Here, papers [37,38,39,40,41] address the application of ADM to various transport models, also including fractional and nonlinear cases; works [42,43,44,45,46] provide reviews or/and developments of various computational approaches to linear [43,44,45,46] and nonlinear [42,43,45] transport/advection-diffusion problems; [47] introduces a homotopy perturbation method for nonlinear transport equations, while [48] proposes perturbational approach to construct analytical approximations based on the double-parameter transformation perturbation expansion method. Finally, the review paper [49] contains an exhaustive review of various modern fractional calculus applications, and paper [50] discusses some non-standard definitions of Caputo fractional derivatives, while paper [51] provides a comprehensive overview of computational practices used in fractional calculus.

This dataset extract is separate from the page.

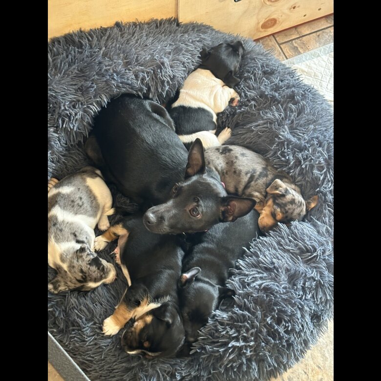 This is mums first litter and she’s been such a wonderful mum with Dad producing Merle pups before.

In this study, we utilized the Modified decomposition method (MDM) to solve fractional-order Fokker-Planck equations. The Adomian decomposition technique [52,53] is a very good technique for solving linear and non-linear partial differential equations, as well as integral differential and fractional differential equations, in a series type solution. The obtained solutions to the fractional problems applying the suggested technique are also utilized the analysis of the equations. It has been proven that the suggested method can be used to analyze a variety of fractional partial differential equations and systems.

2. Preliminaries

Definition 1.

An Aboodh transformation (AT) is given for terms of exponential order. We consider term in the set B, expressed by:

$$B=\left\{h:\left|h\left(\rho \right)\right|<M{e}^{n_j\left|\rho \right|},\mathrm{if}\rho \in {(-1)}^j\times [0,\infty ),j=1,2;\left(M,n_1,n_2>0\right)\right\}.$$

M must be a finite number for a given function in set B; $n_1,n_2$ may be finite or infinite.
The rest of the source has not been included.